Western Esotericism and the Science of Religion

Western Esotericism and the Science of Religion

Ed. Antoine Faivre and Wouter J. Hanegraaff
Leuven, Belgium: Peeters (Herndon, VA: Books International), 1998, Paperback, xviii +309 pages.

The study of esotericism has become an academic discipline- not widespread, but intensely pursued by a dedicated group of scholars. The preface and first three papers of this volume consider formal aspects of the discipline. The remaining nine papers treat particular esoteric subjects, including contrasting views of the Otherworld, alchemy, Kabbalah, Illuminism, and an essay by Garry W. Trompf on "Macrohistory in Blavatsky, Steiner and Guenon," examining the cosmology and planetary history set forth by Blavatsky and elaborated or reacted to in various ways by others.

Jan Snoek's paper, "On the Creation of Masonic Degrees: A Method and Its Fruits," can be taken as a sample of what this volume provides. Snoek offers a theory of the origin of "higher" Masonic degrees, that is, degrees other than the three basic ones of Craft Masonry. It uses a "Sherlock Holmes" or detective method of historical research, which seeks to explain a phenomenon by looking for a practical problem that the phenomenon was designed to solve.

Snoek's proposal links three events in early Masonic history: a published "exposure" of Masonic secrets in 1730 (just thirteen years after the London organization of the Grand Lodge); a schism in Masonic organization between a new group calling themselves the "Ancients" and the original Grand Lodge, which the schismatics called the "Moderns"; and the development of new degrees in addition to the original three. The proposal, briefly, is as follows.

The Third Degree ritual involves a dramatic representation of the murder, burial, and raising of the chief architect of King Solomon's Temple, Hiram, with the initiate playing the central role. The 1730 exposure included the following question and answer describing part of that drama:

Where was Hiram inter'd? [Response:] In the Sanctum Sanctorum.

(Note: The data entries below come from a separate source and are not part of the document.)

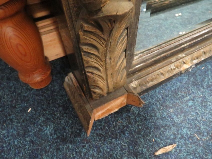 A LARGE VICTORIAN CARVED OAK MIRROR 168 X 108 CM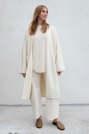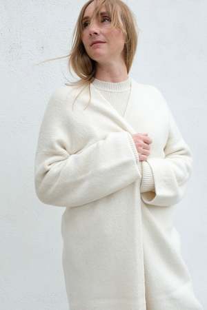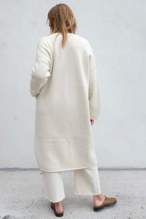 Exude elegance in this long open front cardigan, handloomed in Peru from a luxuriously soft blend of baby alpaca and merino wool. Features signature integral pockets and a rolled hem that hits below the knee. Details: - 50% Baby Alpaca, 50% Merino Wool - ONE SIZE - Dry clean or handwash cold - Made in Peru Liza is 5'9", 35" bust, 30" waist, 39" hips, wearing O/S Styled with Lauren Manoogian Waffle Crewneck and B Sides Slim Lasso / Clair About the brand: Lauren Manoogian is a Brooklyn-based designer whose initial knitwear and accessory work has continually matured as a collectsion of intentional ready-to-wear and evolving lifestyle pieces. With persistent and intuitive shape development, a commitment to a maintained visible hand, and cohesive textural narratives, the brand's subtle essentialism has earned a loyal following since its 2008 inception. Natural material choices along with a dedication to sustainable and sincere handcrafted production practices inform each collectsion's composition and highlight the designer's personal and deep knowledge of textile development from her time in the industry and Rhode Island School of Design studies.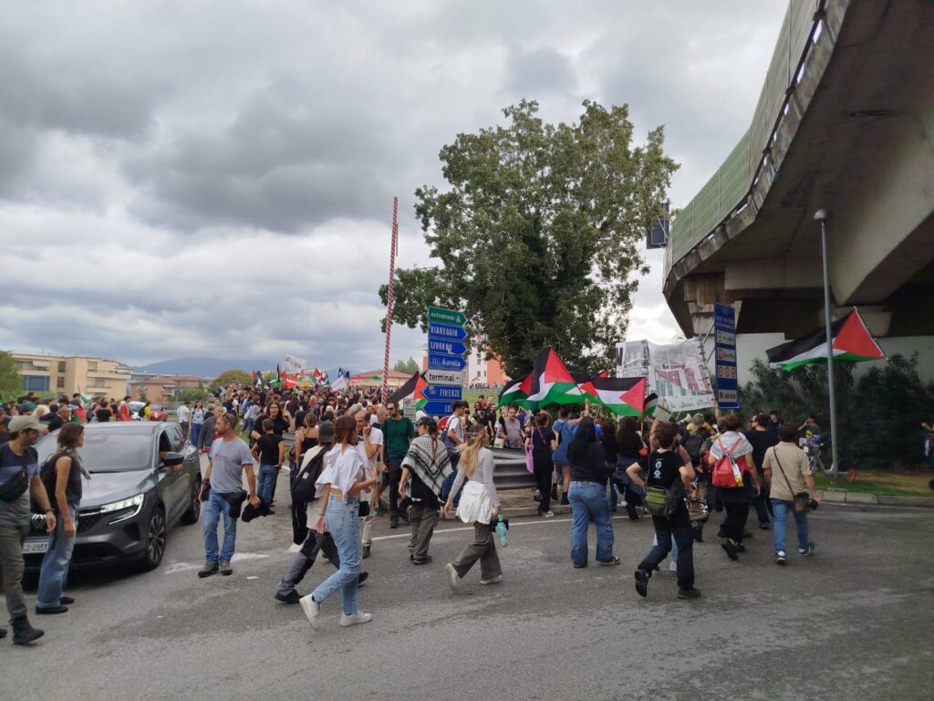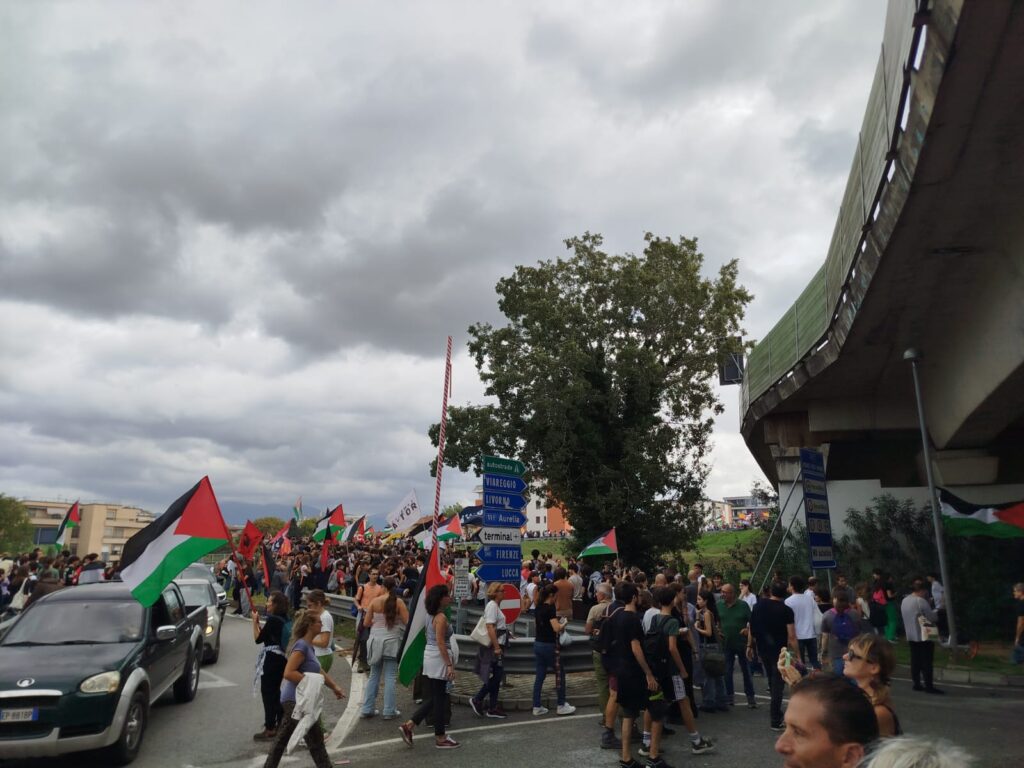 Verso le 12, la manifestazione ha preso una piega più incisiva: i partecipanti hanno raggiunto la superstrada Firenze-Pisa-Livorno, occupandola tra gli svincoli dell’aeroporto e dell’ospedale. La circolazione è rimasta bloccata per circa un’ora, con inevitabili disagi al traffico. I manifestanti hanno poi proseguito lungo la via Aurelia, concludendo la protesta in Piazza Vittorio Emanuele II.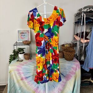 Vintage JAMS WORLD Vibrant Floral Dress tie back size XS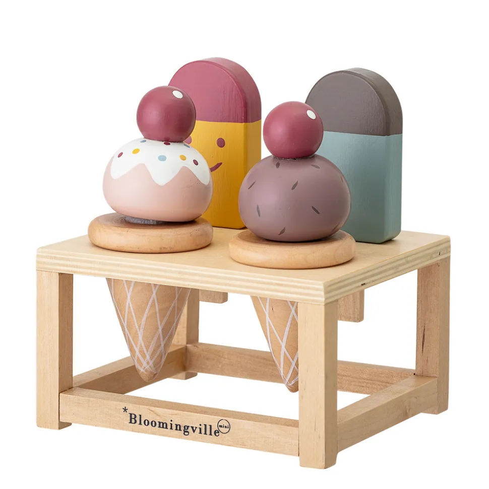 Icecreams i træ og flotte farver perfekt til hverdags leg.

The "Sanctum Sanctorum'' is the Holy of Holies of the Temple- the inmost shrine, where the Arc of the Covenant was kept and where God himself resided. No merely human body could be buried there. Since Hiram was buried there, he must have been God, who was slain and was to be resurrected. That is, the Masonic ritual was a true Mystery drama, the purpose of which was to effect the union of the initiate with the divine, achieved by a symbolic death and resurrection.

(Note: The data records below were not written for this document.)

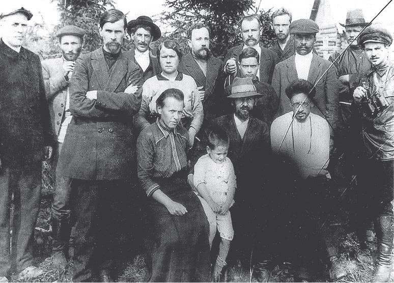 Ссыльные в Монастырском. Свердлов сидит в первом ряду в белой рубахе. Новгородцева и Андрей Свердлов в первом ряду слева. Между ними (в шляпе) – Григорий Петровский. Джугашвили (Сталин) стоит в заднем ряду в черной шляпе, в центре рядом с ним Лев Каменев. Справа в кожаном пиджаке – Филипп Голощекин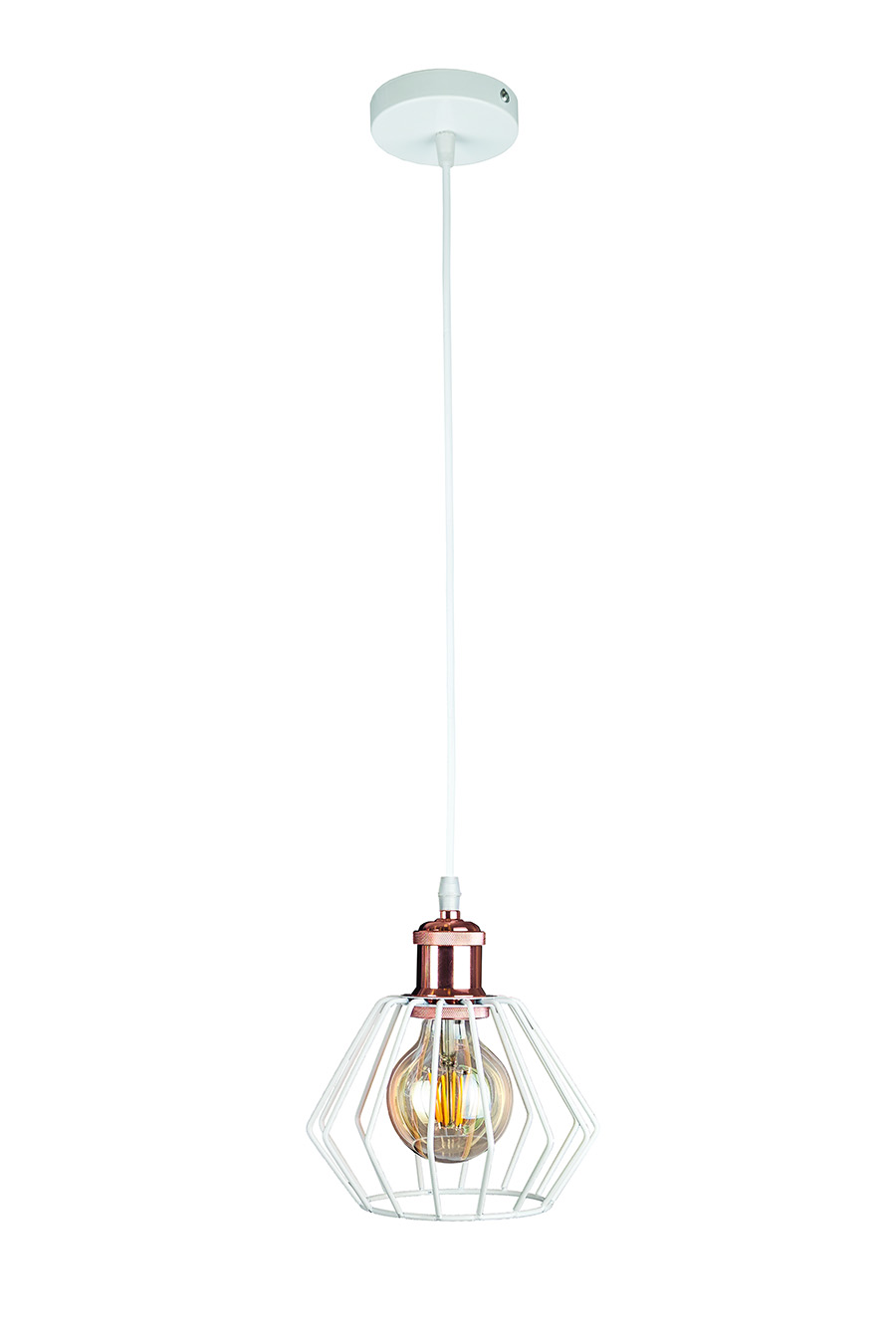 Підвіс в стилі лофт 756PR108F-1 WH+RG Матеріал люстри: метал Колір люстри: білий/рожеве золото Кількість плафонів - 1 Висота плафона - 135 мм Ширина плафона - 180 мм Тип кріплення - коло Кріплення до стелі колір - білий Матеріал кріплення - метал Джерело світла - 1 Е27 лампа Максимальна потужність лампочки 60 Ватт Можливість використання лампи: LED, розжарювання, енергозберігаюча Комплектація лампочками: Немає Тип люстри - підвісна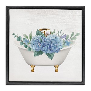 Stupell Industries Chic Bathtub with Hydrangea Blossoms Floating Frame Canvas Art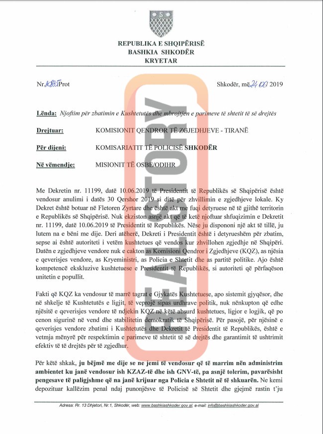 “Në datat 27 Qershor 2019 – 2 Korrik 2019, në kushtet kur nuk ka një Dekret të Presidentit të Republikës për caktimin e datës së zgjedhjeve, në ambientet që ishin vënë në dispozicion paraprakisht për KZAZ dhe GNV, është planifikuar të jenë në dispozicion të qytetarëve për aktivitete të ndryshme artistike, kulturore dhe letrare, që do të organizohen nga njësia e qeverisjes vendore, apo për tubime që do të organizohen në përputhje me të drejtën kushtetuese të lirisë së tubimit, sipas nenit 47 të Kushtetutës. Këtë njoftim po e bëjmë për efekt të detyrimit që ju keni për të mos çuar dëm materialet zgjedhore, sepse zaptimi i ambienteve tona me materiale që nuk janë të autorizuara nga ne të futen brenda, do të shkaktojë asgjësimin e tyre të menjëhershëm, në funksion të lirimit të ambienteve”, paralajmërohet në kërkesë.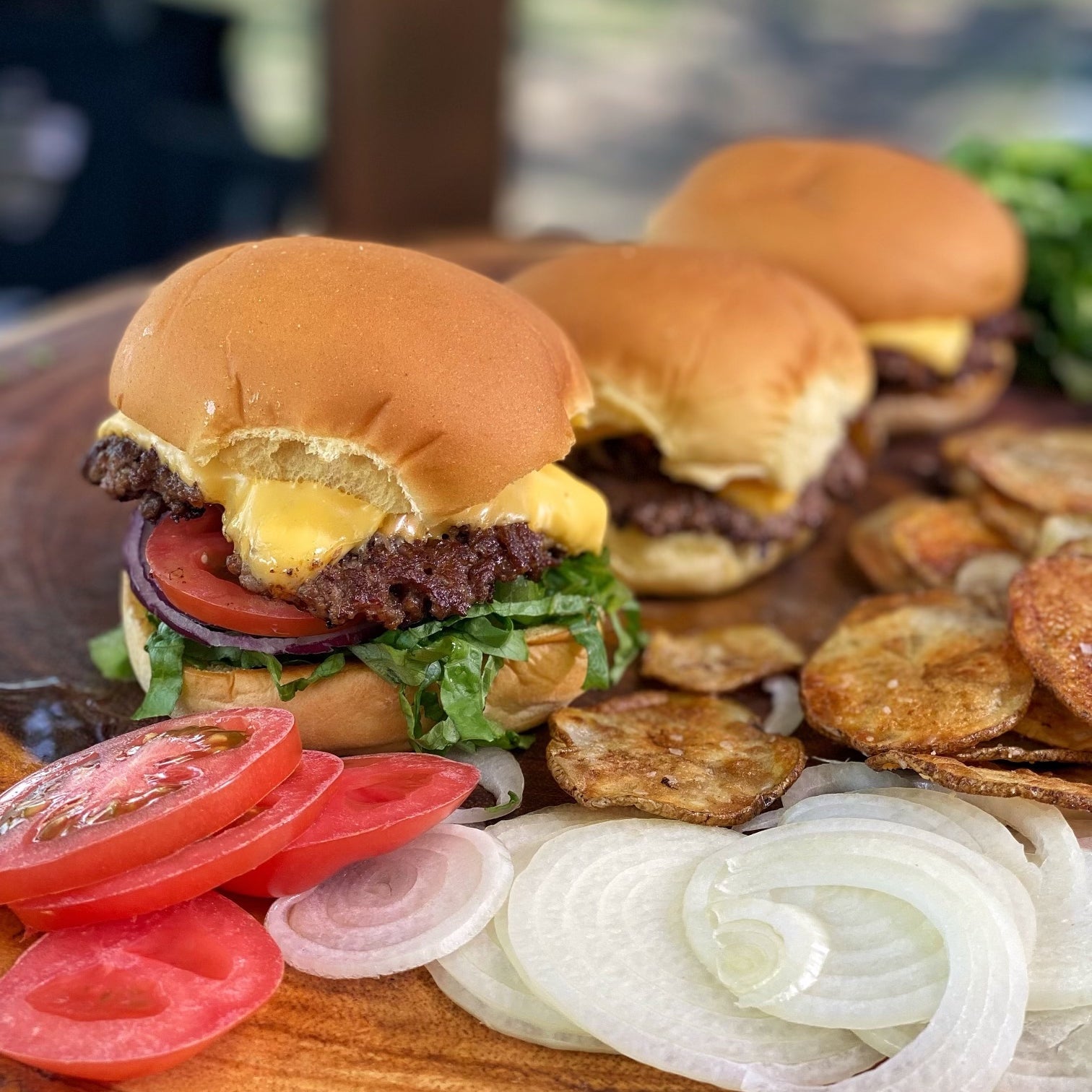 Heat your Blackstone Griddle to medium-high heat, add a drizzle of olive oil, and lay out the sliced potatoes evenly so they all touch the griddle surface. Cook for 3-4 minutes per side, then slide to the cooler side of the griddle. Avoid stacking the potatoes to ensure they crisp up evenly while the burgers cook.

The revelation of this secret meaning of the Masonic ritual in the 1730 exposure was a scandal for two reasons. It made public the central mystery of the Freemasonic ritual; and it was heresy in the eyes of the established Church-asserting, as it did, a way to achieve unity with the Godhead-outside ecclesiastical jurisdiction. As a consequence, the Grand Lodge immediately expurgated the ritual by dropping the explicit burial of Hiram in the Holy of Holies.

The loss of the central clue to the meaning of the Masonic drama created a problem for those Freemasons who honored the esoteric value of their ritual. Some sought to restore the integrity of the Mystery ritual by forming a new Grand Lodge, calling itself "Ancient" because it wanted to preserve the landmark divinizing the initiate, as distinct from its excision by the "Modems." Others began to develop alternative workings that preserved the Grand Secret, possibly beginning as early as 1733 with Scots Master Masons lodges in London and Bath, and later with the development of additional degrees, including the Royal Arch and still later the Christianized Rose Croix degree.

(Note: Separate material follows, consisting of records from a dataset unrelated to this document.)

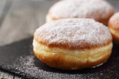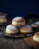 Berliner pączki w cukrze pudru z kwiatami jaśminu na szarym tle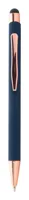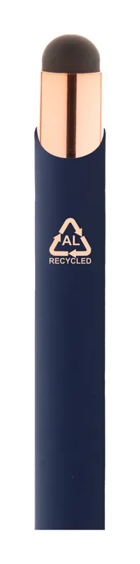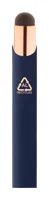 Újrahasznosított alumínium és érintőképernyős golyóstoll gumírozott felülettel és rózsaarany részekkel. Speciális bevonattal rendelkezik a rózsaarany színű tükörgravírozáshoz. Kék tollbetéttel.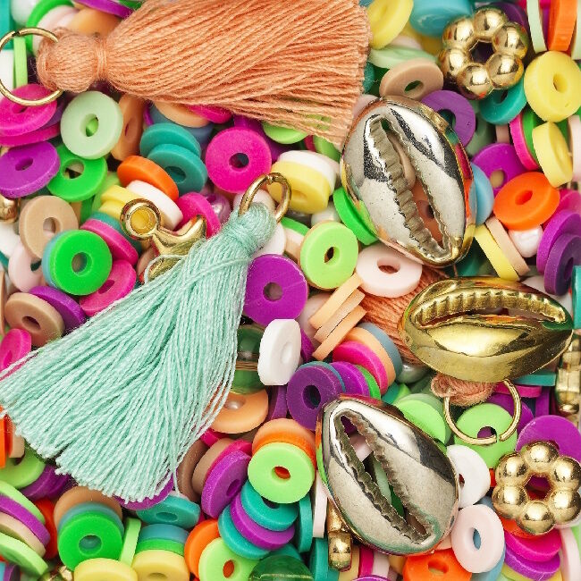 Helmimix – Heishi helmiä, sekä paljon hauskoja riipuksia, tupsuja, pyöreitä helmiä ja vähän muuta. Tämä pakkaus on todella villi sekoitus niille, jotka haluavat sekoittaa ja haluavat jotain villiä ja eloisaa! Heishi-helmien mitat: halkaisija 6 mm, paksuus 2 mm - reiän halkaisija 1,8 mm. Heishi-helmet on valmistettu polymeeripohjaisesta savesta. Muut esineet ovat muovia, lukuun ottamatta tupsuja, jotka on valmistettu akryylistä. Huomaa, että korulanka ei sisälly pakkaukseen.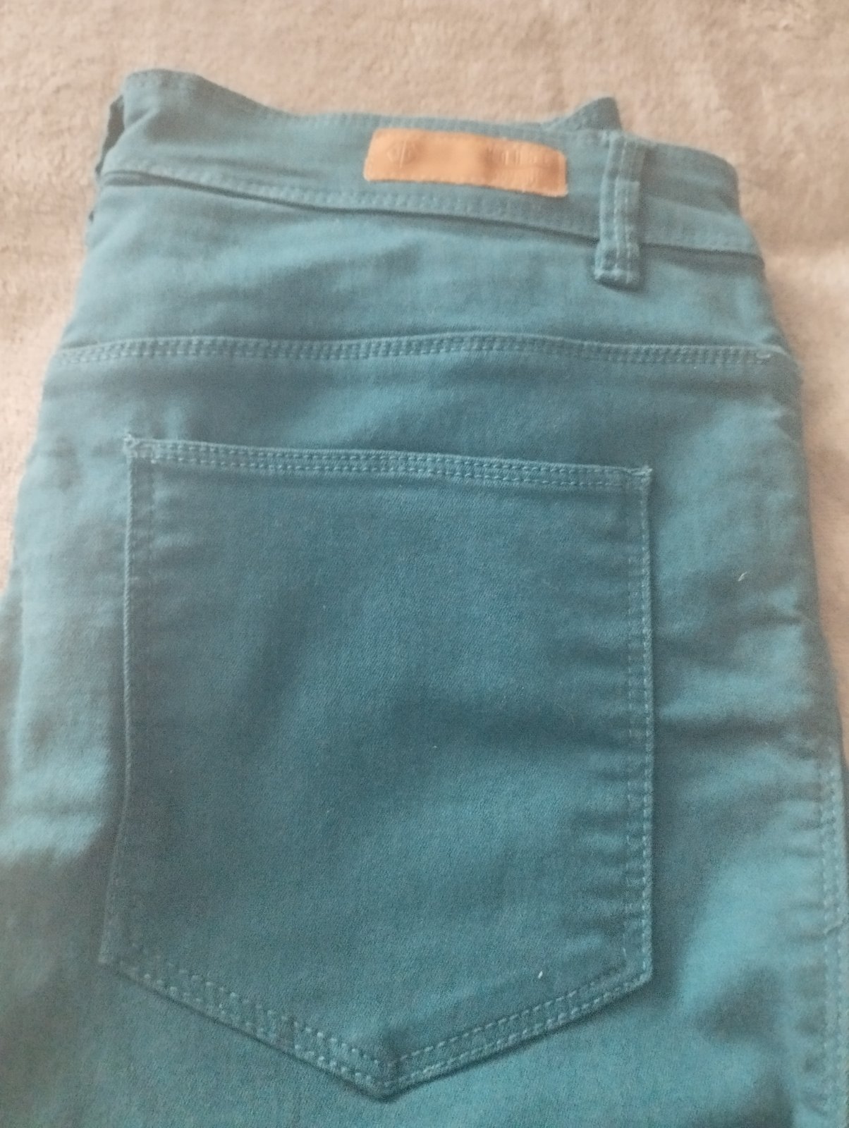 V peknom stave,málo nosené.Krásna tyrkysová farba,kúpu určite neoľutujete.Mne bohužiaľ malé.Písaná veľkosť M,ale podľa mňa sú menšie.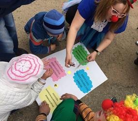 Не осталась в стороне и тема космоса. В преддверии празднования 55‑летия первого полета человека в космос, ребята вместе с волонтерами «Звездного кампуса» подготовили зажигательный флешмоб и изготовили для него множество разноцветных звезд. Все они ярко засияли на их футболках во время выступления на городском фестивале «Забава». А клоуны социального проекта «Больничная клоунада», которые пригласили ребят на празднование своего Дня рождения, научили своих маленьких гостей делать из длинных шаров необычные «межгалактические мечи», прикосновение которых, делает человека добрее.
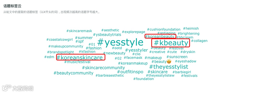 可以发现,除了自身的品牌名之外,其在Instagram帖子中最常使用的话题标签还包括#kbeauty、#koreanskincare等直接与韩流时尚相关的内容。

Snoek marshals many details from early Masonic practice that his theory explains. His theory also makes sense out of the curiously mutilated version of the ritual drama in contemporary Masonic practice, which descends from the Grand Lodge's expurgated version. Furthermore, it is interesting because it casts light on the origins of a controversy in present-day Freemasonry, some of whose members see the Craft as devoted to social interests (in either sense of "clubby" or "socially conscientious") whereas others see it as an Esoteric Mystery practice of a transformative nature. There is, as Ecclesiastes says, nothing new under the sun.

The new scholarly study of esotericism, in which Faivre and Hanegraaff are moving figures, has much to offer all who are interested in the subject, either as outside observers or as inside participants.